Work task
Repeat exactly the lines of the records below, starting at the line containing "Шорты мужские из" and ending at the line containing "仔细了解光催化的科学原理发现". Leave the pictures out.

Records shown
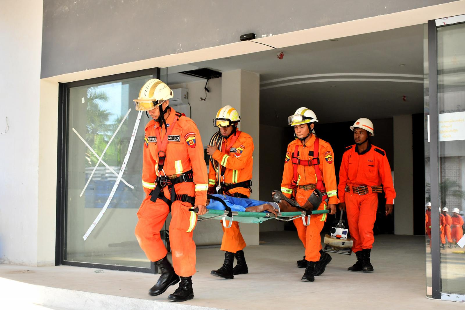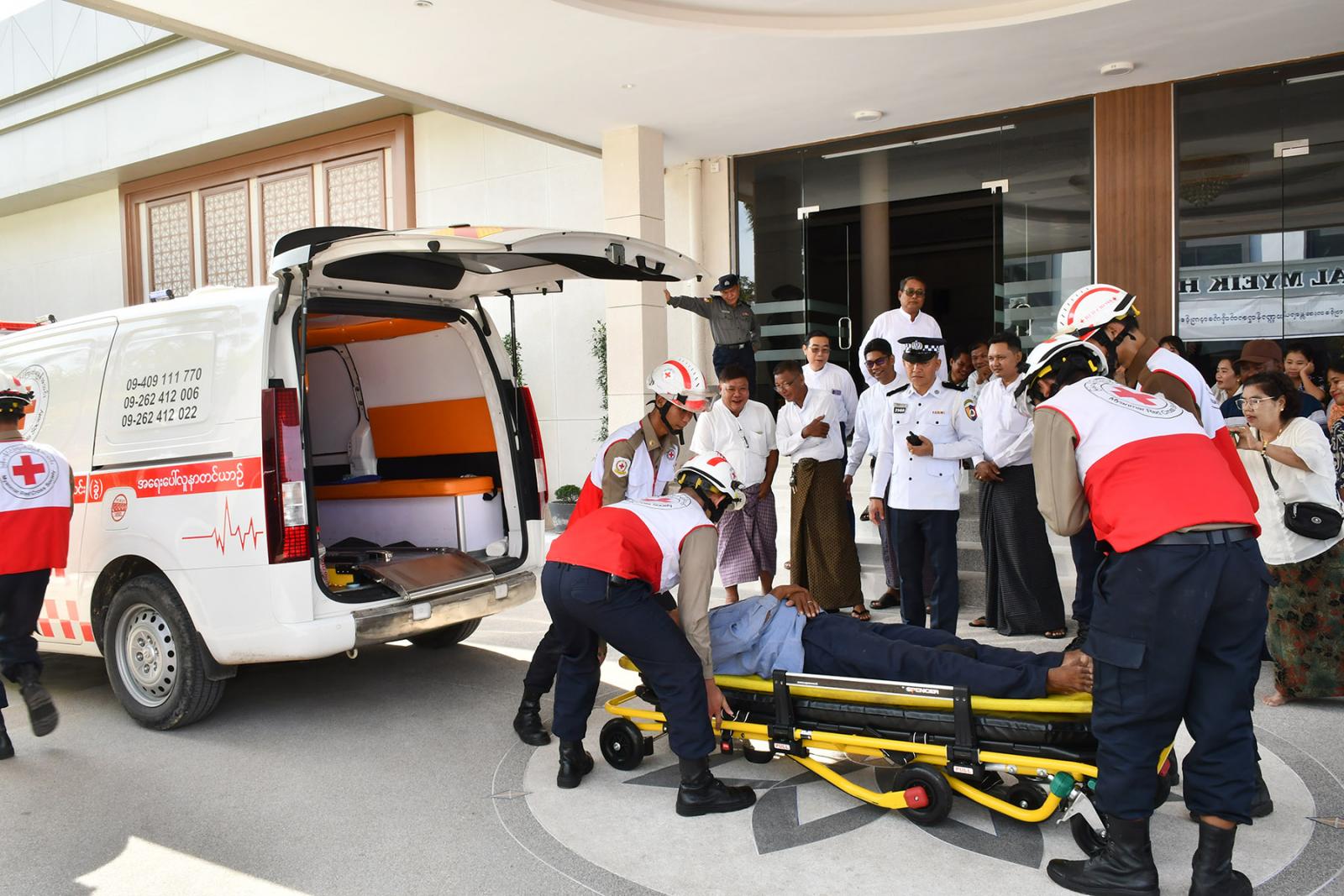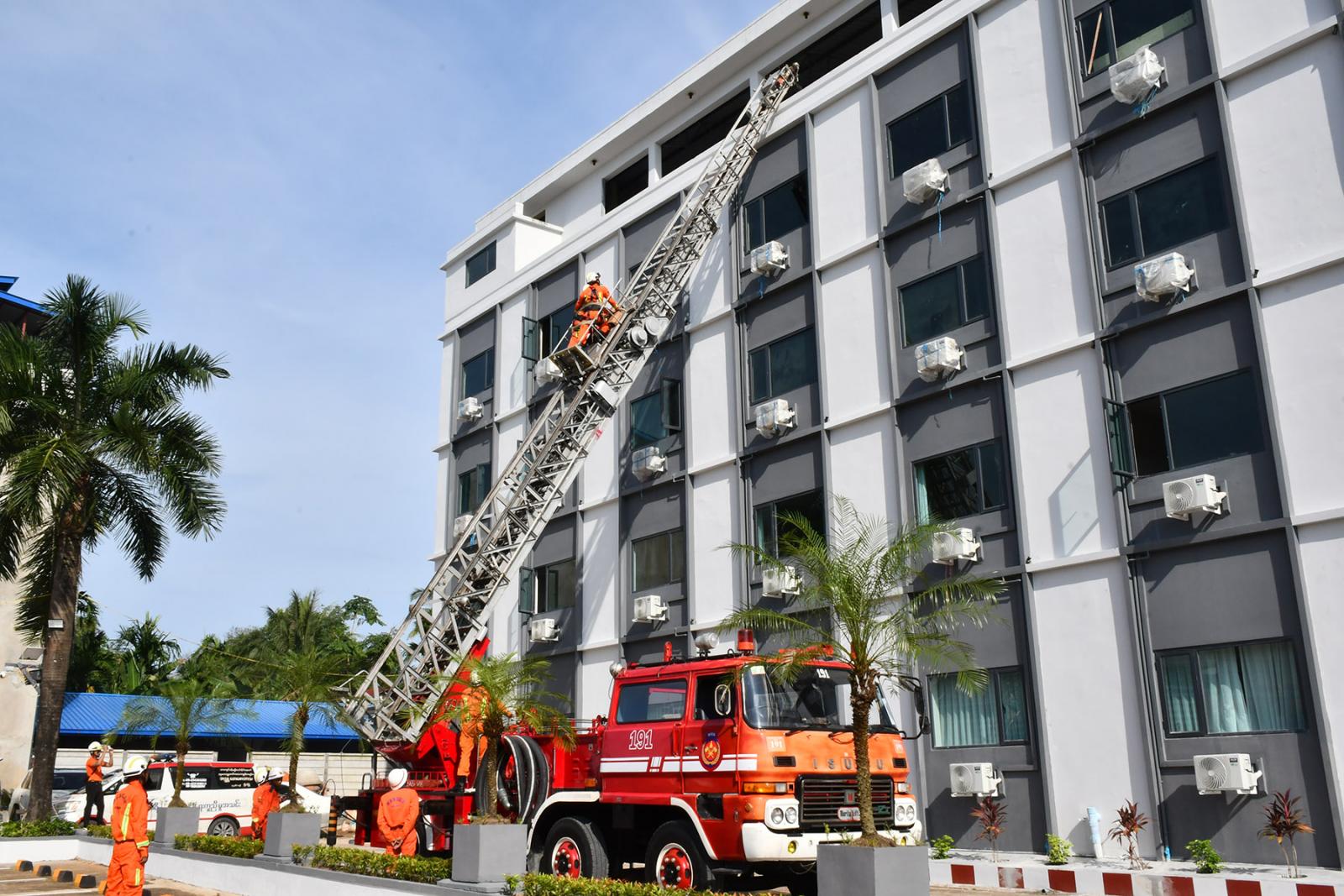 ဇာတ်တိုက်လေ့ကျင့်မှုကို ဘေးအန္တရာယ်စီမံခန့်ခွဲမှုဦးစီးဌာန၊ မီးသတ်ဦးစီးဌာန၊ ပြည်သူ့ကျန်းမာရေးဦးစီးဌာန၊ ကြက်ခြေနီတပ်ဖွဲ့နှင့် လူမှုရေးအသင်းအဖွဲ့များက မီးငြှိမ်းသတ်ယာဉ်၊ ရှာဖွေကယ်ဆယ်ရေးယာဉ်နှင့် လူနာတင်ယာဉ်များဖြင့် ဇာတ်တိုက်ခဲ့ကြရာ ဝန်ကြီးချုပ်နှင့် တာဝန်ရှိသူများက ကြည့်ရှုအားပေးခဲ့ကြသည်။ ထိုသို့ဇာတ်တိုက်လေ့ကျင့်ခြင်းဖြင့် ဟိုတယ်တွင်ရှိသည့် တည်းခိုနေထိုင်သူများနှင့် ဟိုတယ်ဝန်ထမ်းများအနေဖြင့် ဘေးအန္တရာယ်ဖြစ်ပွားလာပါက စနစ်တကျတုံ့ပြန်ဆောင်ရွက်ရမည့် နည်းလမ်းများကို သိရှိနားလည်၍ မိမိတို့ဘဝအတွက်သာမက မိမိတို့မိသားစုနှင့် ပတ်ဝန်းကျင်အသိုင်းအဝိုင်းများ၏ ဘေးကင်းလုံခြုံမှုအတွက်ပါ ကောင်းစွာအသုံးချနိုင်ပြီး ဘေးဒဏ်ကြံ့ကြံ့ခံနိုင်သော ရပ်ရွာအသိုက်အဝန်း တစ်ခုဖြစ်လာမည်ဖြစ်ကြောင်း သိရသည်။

...

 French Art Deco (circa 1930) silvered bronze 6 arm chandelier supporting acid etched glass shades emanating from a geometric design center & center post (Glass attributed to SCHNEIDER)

...

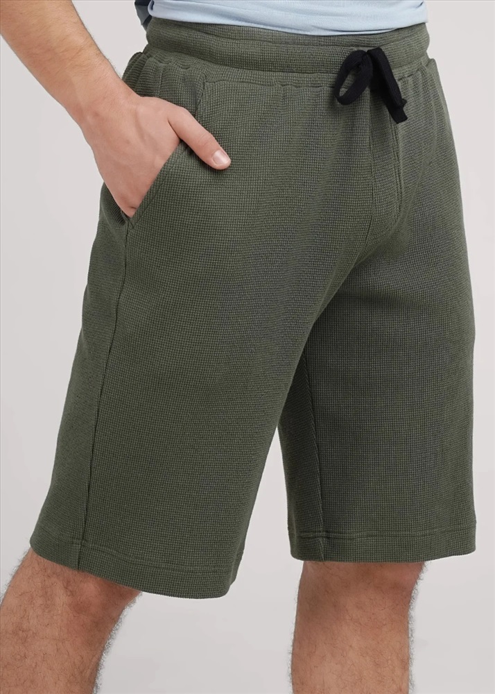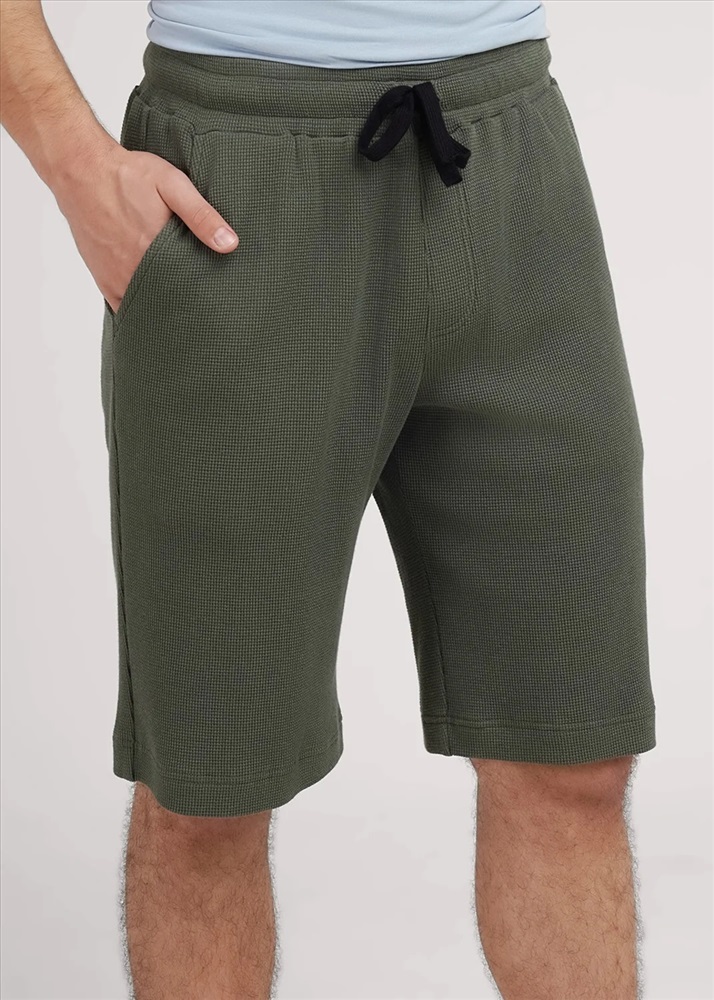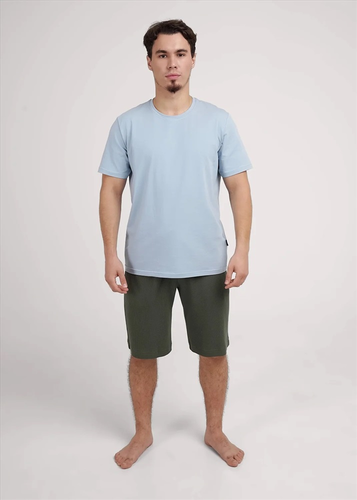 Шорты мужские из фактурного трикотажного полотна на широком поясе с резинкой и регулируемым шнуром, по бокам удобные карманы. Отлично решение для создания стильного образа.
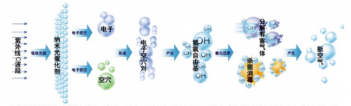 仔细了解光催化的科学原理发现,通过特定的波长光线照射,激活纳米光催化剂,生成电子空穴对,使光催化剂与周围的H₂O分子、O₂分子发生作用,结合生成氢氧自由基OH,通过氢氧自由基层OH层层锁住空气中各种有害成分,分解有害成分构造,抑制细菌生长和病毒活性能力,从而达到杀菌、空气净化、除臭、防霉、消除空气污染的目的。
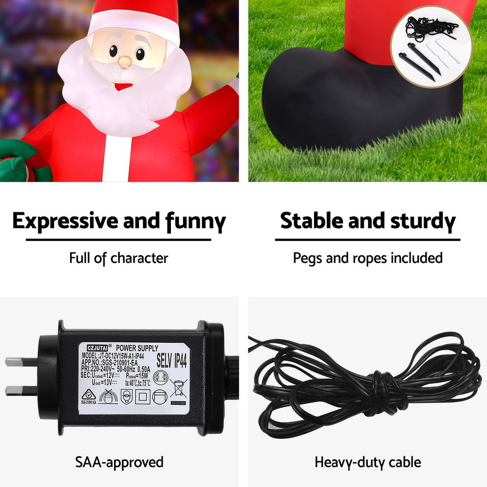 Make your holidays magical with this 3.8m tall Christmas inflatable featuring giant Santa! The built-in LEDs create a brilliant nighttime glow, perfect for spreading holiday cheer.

Answer space
 Шорты мужские из фактурного трикотажного полотна на широком поясе с резинкой и регулируемым шнуром, по бокам удобные карманы. Отлично решение для создания стильного образа.
 仔细了解光催化的科学原理发现,通过特定的波长光线照射,激活纳米光催化剂,生成电子空穴对,使光催化剂与周围的H₂O分子、O₂分子发生作用,结合生成氢氧自由基OH,通过氢氧自由基层OH层层锁住空气中各种有害成分,分解有害成分构造,抑制细菌生长和病毒活性能力,从而达到杀菌、空气净化、除臭、防霉、消除空气污染的目的。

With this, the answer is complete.